Slide 10 - Tekstslide

Een bakker bakt nooit oliebollen, behalve op oudjaarsdag. Geef aan welk onderdeel van de marketingmix deze bakker toepast met de oliebollen 
marketingmix
Combinatie van de 5 marketinginstrumenten: product, plaats, prijs, promotie en personeel.
Antwoord
Het gaat om de oliebollen, dus product

Slide 11 - Tekstslide

Het gaat goed met jouw sportschool, je maakt veel winst. Een deel van je winst gebruik je voor je levensonderhoud. Waarvoor heb je de nettowinst nog meer nodig: 
  1. voor de promotie van de sportschool
  2. voor het betalen van de lonen
  3. voor het opvangen van een jaar met verlies
Nettowinst
Omzet - inkoopwaarde = brutowinst
Brutowinst - overige kosten = nettowinst
Antwoord
Van de nettowinst zijn alle kosten (zoals reclame en loon) al afgehaald, je gebruikt de nettowinst dus voor het opvangen van een jaar met verlies!

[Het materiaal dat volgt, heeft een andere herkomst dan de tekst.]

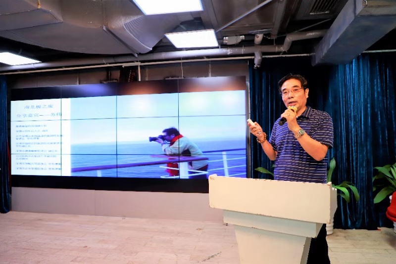 蘇偉老師在現(xiàn)場(chǎng)介紹:10月15日對(duì)深圳來(lái)說(shuō)是一個(gè)極其不平凡的日子,上午在深圳舉辦了首屆“中國(guó)海洋第一展”暨“2019中國(guó)海洋經(jīng)濟(jì)博覽會(huì)”在深圳會(huì)展中心隆重開幕,下午由中國(guó)自主建造的首艘極地科學(xué)考察破冰船“雪龍2”號(hào)在蛇口港出發(fā)首航挺進(jìn)南極,特別機(jī)緣巧合的是我今晚分享的內(nèi)容就是南北極旅游。為什么用“畫”極地,而不是“話”極地,這是因?yàn)椋厍蛴腥龢O,除了南北極外,還有“珠峰”就是第三極。而我們?nèi)齻€(gè)六十年的老男人,在蘇偉老師的鼓動(dòng)下,三個(gè)人用不到三年的時(shí)間,踏訪了這“三極”。如果要展開講,恐怕三天三夜也講不完。所以,“畫”極地,就是用照片,講一下照片背后的故事。

Eventueel als reserve voor slechtere tijden.

Slide 12 - Tekstslide

Als iets eerst €221,- kost en vervolgens €219,99 dan is er sprake van:
  1. psychologische prijspolitiek
  2. penetratie prijspolitiek
  3. afroom prijspolitiek
prijspolitiek
Psychologisch: €3,99 lijkt veel goedkoper dan €4,-
Penetratie: eerst met veel korting verkopen, zorgen voor groot marktaandeel.
Afroom: eerst duur verkopen, later goedkoper.